On other systems, you can download directly from arm: https://developer.arm.com/downloads/-/arm-gnu-toolchain-downloads

The Bootup Process

Our final binary must be partitioned according to The UF2 File Format Specification. This format takes a series of byte data (for example, a .ELF binary file) and chunks it into blocks. Each block has some magic values and parameters and a subset of your data. You can even specify where the data should be loaded (like flash or sram). That’s all there is to the uf2 format. It’s pretty versatile.

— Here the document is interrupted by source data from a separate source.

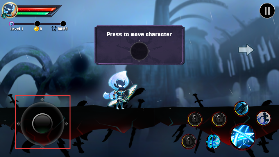 2、進入關卡后,操控虛擬搖桿移動角色,利用角色的技能和武器,與敵人展開戰斗,擊敗沿途的敵人。
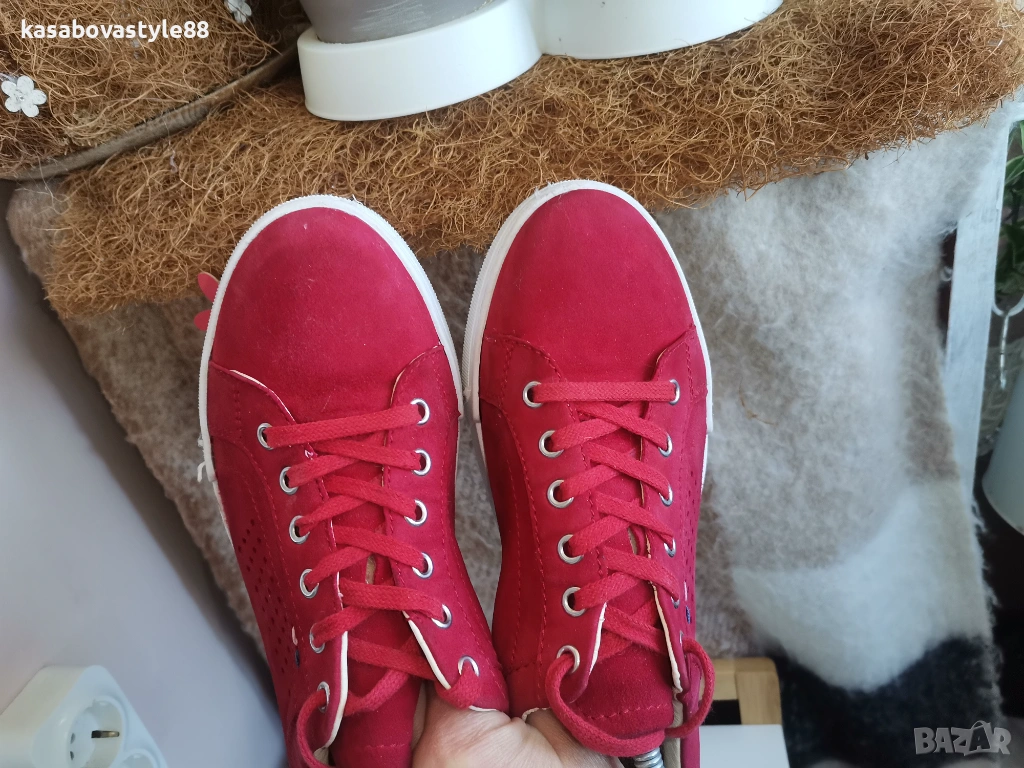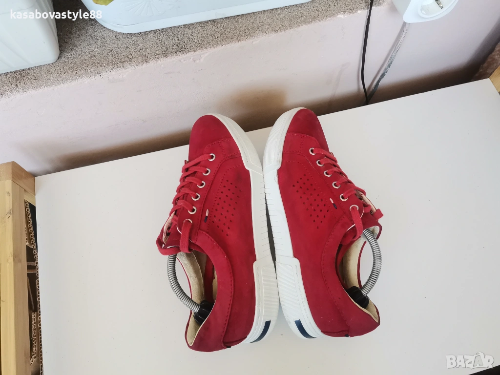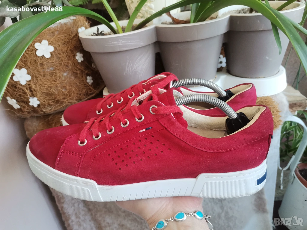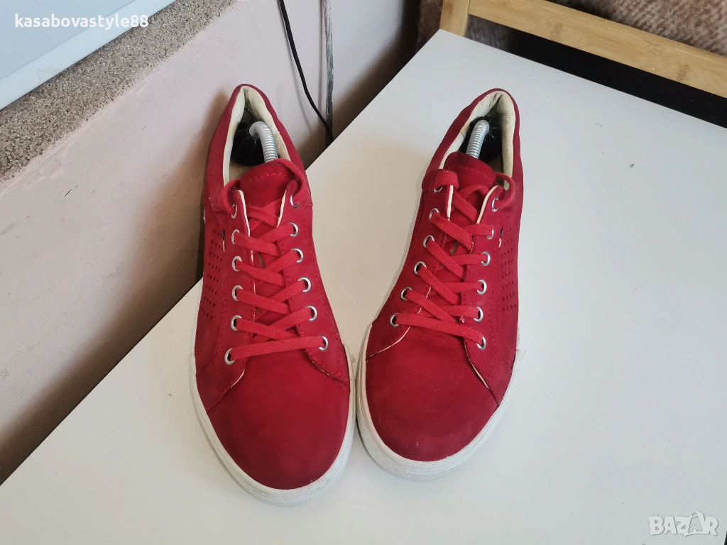 Червени дамски спортни обувки изработени от естествен велур, с лазерна перфорация за по-добра вентилация. Моделът е в изчистен дизайн с връзки и удобна равна подметка. Вътрешността, включително и стелката са от естествена кожа. Ходило-2.5см.Цялостна височина отзад 8.5см.Дължина на стелка 25.5см.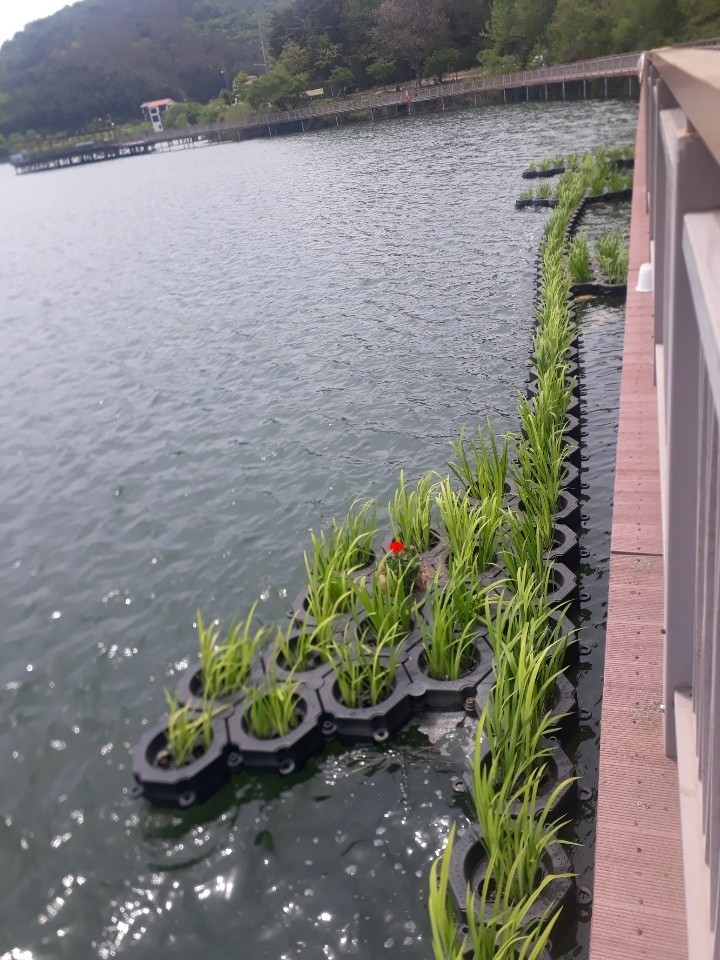 수상 태양광과 정화기능 생명라인 설치 모습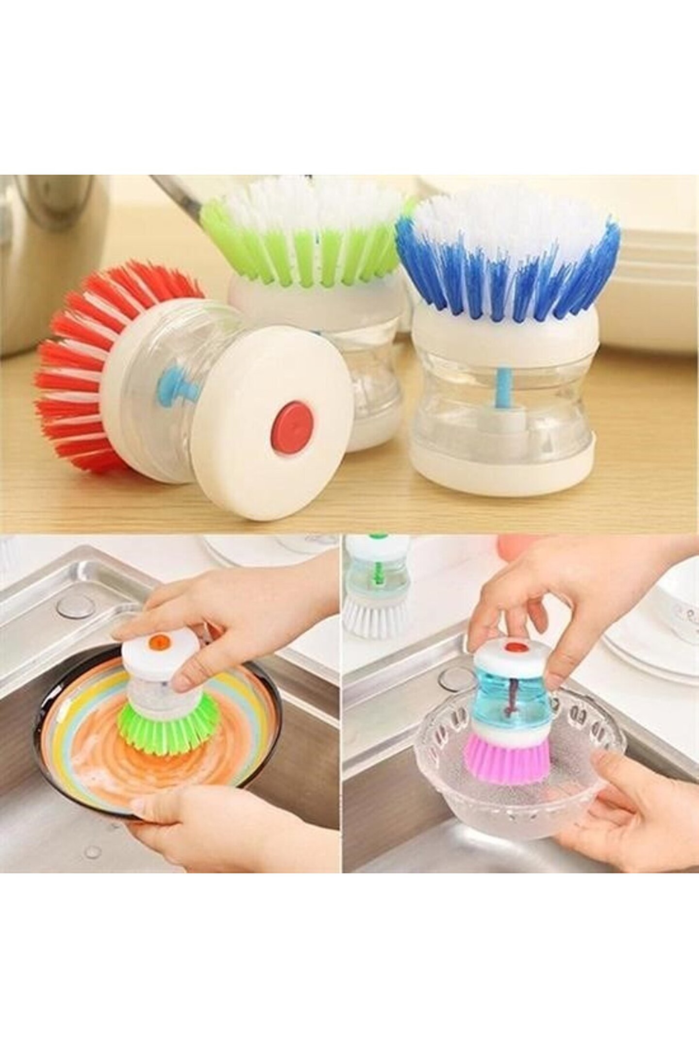 Deterjan Hazneli Pratik Kolay Bulaşık Yıkama Fırçası Bulaşık Süngeri Pratik bulaşık yıkama fırçası bulaşık süngerini kullanmak için sıvı deterjan haznesine bulaşık deterjanı koyun üstteki düğmeye her bastığınızda bir miktar deterejan fırçanın kıllarının dibinden fırçaya akar! Deterjan hazneli bulaşık fırçası ile Yanmış, dibi tutmuş tencere ve tavaların çok kolay bir şekilde temizlenmesine yardımcı olur! Deterjanlı bulaşık yıkama aparatı ile dakikalarca bulaşık yıkamak için mutfakta zaman harcamayacaksınız! Ürün Özellikleri: -Bulaşık yıkama fırçası, zor ve yanmış yağları söker -Pratik bulaşık yıkama sünger aparat, tencere ve tavaları çizmez -Deterjan hazneli bulaşık fırçasının kullanımı pratik ve kolaydır -Üzerinde yer alan tuşa basıldığı zaman içerisindeki detarjanın otomatik olarak akar ve pratik temizleme imkanı sunar -Boşta dururken içerisinde yer alan mekanizma sayesinde içerisindeki detarjanı akıtmamaktadır -Sert fırça yapısına sahiptir Paket İçeriği: -1 Adet Deterjan Hazneli Bulaşık Fırçası Ürün Materyali -Plastik Ürün Rengi -Asorti Ürün ölçüleri -5,5-8,5-5,5 Ürün Paket Ölçüleri -5,5-8,5-5,5 Ürün ağırlığı 40 Ürün Desi -0,09

The RP2040 specifically uses a multi-stage bootrom. The first stage is burned into the silicon and it’s job is to configure the system initially then find the second stage bootloader (which is what we’re going to be writing). Assuming you target flash memory when generating the uf2 file, the first 252 bytes of your binary are copied into SRAM Bank 5 and then executed. The only job of these 252 bytes is to load your real program.

To load your real program, you have a few options. You can activate XIP (execute-in-place) and then run your program directly from flash memory. Which is insanely cool, but it also takes a runtime performance hit because you’re accessing your program through a serial bus instead of directly in memory. Alternatively, you can copy your program somewhere else and then jump directly to it. We’ll be doing the latter. Bootloader Code

As mentioned earlier, your bootloader is responsible for loading your real program. To do this, you must access your program which lives in flash (flash starts at 0x1000_0000 and our program data will be 256 bytes beyond that. So we need to copy everything from 0x1000_0100 onwards) but unfortunately, the cpu bootrom disables accessing it! We need to jump through a few hoops to re-establish communication with the flash data bank.

Afterwards we can shadow a copy of our real program in RAM and then execute it. Here’s the code which does all this. This code will copy 4096 bytes of program from XIP to SRAM.

It’s worth mentioning: this strategy gets really slow for sufficiently large programs. Copying from XIP to SRAM is not cheap. Bear that in mind if you plan to write a huge application.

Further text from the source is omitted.